After locating the line that contains "34 Parça Mayon" in the material below, copy that line and each one following it, exactly, up to the last line. Pictures stay out.

▶ _Recorded data_:
++++++++++

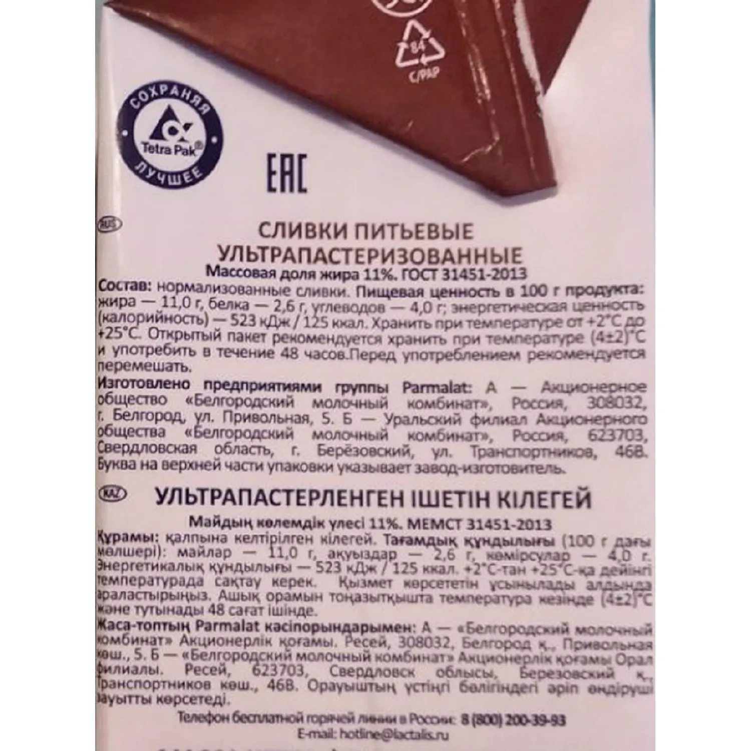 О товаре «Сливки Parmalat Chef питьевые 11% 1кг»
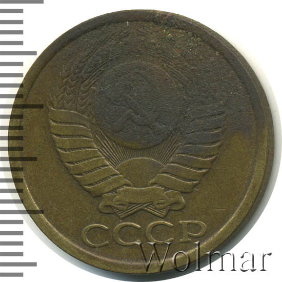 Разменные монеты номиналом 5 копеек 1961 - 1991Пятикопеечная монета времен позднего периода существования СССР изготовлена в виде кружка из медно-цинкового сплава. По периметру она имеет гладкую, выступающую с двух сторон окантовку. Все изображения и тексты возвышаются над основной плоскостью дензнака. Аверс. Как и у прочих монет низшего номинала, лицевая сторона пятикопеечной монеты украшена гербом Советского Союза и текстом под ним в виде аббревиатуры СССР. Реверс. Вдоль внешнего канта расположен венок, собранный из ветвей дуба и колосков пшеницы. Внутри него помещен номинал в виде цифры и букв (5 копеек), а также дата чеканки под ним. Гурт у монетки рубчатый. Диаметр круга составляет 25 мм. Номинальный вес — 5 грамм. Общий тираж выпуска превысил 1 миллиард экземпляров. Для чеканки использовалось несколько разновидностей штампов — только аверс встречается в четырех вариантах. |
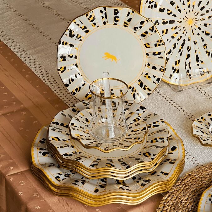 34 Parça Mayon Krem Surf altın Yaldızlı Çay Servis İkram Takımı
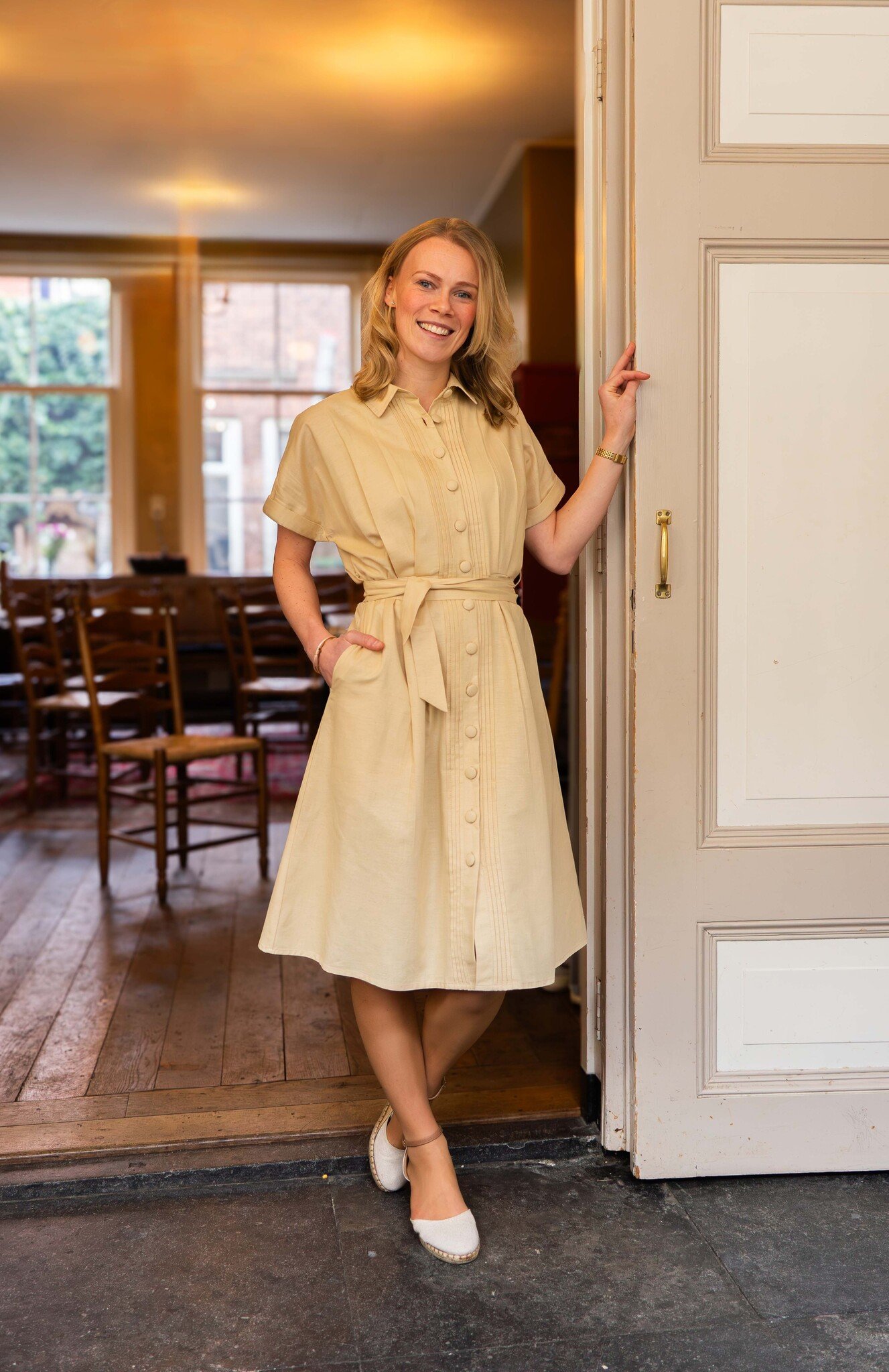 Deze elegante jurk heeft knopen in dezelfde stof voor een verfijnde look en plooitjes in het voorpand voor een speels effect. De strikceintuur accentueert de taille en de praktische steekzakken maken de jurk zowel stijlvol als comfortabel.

++++++++++

▶ _Response to this task_:
 34 Parça Mayon Krem Surf altın Yaldızlı Çay Servis İkram Takımı
 Deze elegante jurk heeft knopen in dezelfde stof voor een verfijnde look en plooitjes in het voorpand voor een speels effect. De strikceintuur accentueert de taille en de praktische steekzakken maken de jurk zowel stijlvol als comfortabel.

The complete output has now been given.